__YOUR GOAL__:
Write out every line below again exactly as it stands, skipping each image.

__INFORMATION SHOWN__:
-- Opening Marker --
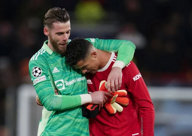 Thủ môn De Gea, cầu thủ xuất sắc nhất trận đấu với hàng loạt pha cứu thua xuất thần chia vui với Ronaldo. ẢNH: AP
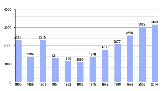 | Gráfica de evolución demográfica de Thorens-Glières entre 1800 y 2014 |
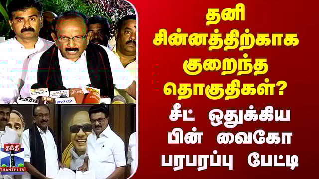 DMK Alliance | Vaiko |தனி சின்னத்திற்காக குறைந்த தொகுதிகள்? சீட் ஒதுக்கிய பின் வைகோ பரபரப்பு பேட்டி
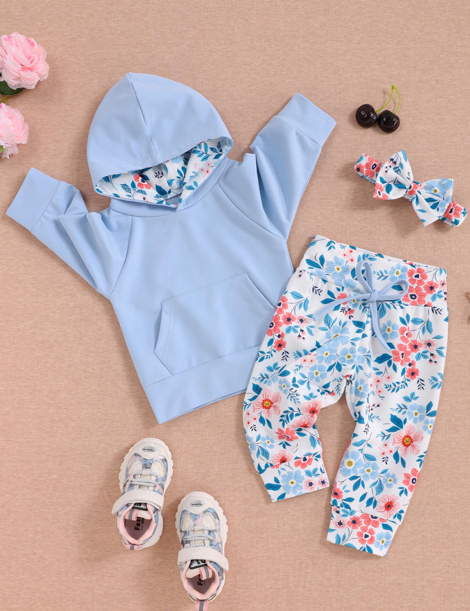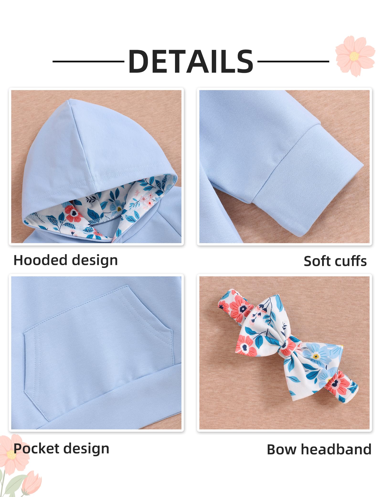 Floral pattern hoodie with kangaroo pocket design, variety of colors and prints,elastic waistband pants. Cute toddler floral outfit set will makes your baby girls more lovely
-- Closing Marker --
__EXERCISE ANSWER__:
 Thủ môn De Gea, cầu thủ xuất sắc nhất trận đấu với hàng loạt pha cứu thua xuất thần chia vui với Ronaldo. ẢNH: AP
 | Gráfica de evolución demográfica de Thorens-Glières entre 1800 y 2014 |
 DMK Alliance | Vaiko |தனி சின்னத்திற்காக குறைந்த தொகுதிகள்? சீட் ஒதுக்கிய பின் வைகோ பரபரப்பு பேட்டி
 Floral pattern hoodie with kangaroo pocket design, variety of colors and prints,elastic waistband pants. Cute toddler floral outfit set will makes your baby girls more lovely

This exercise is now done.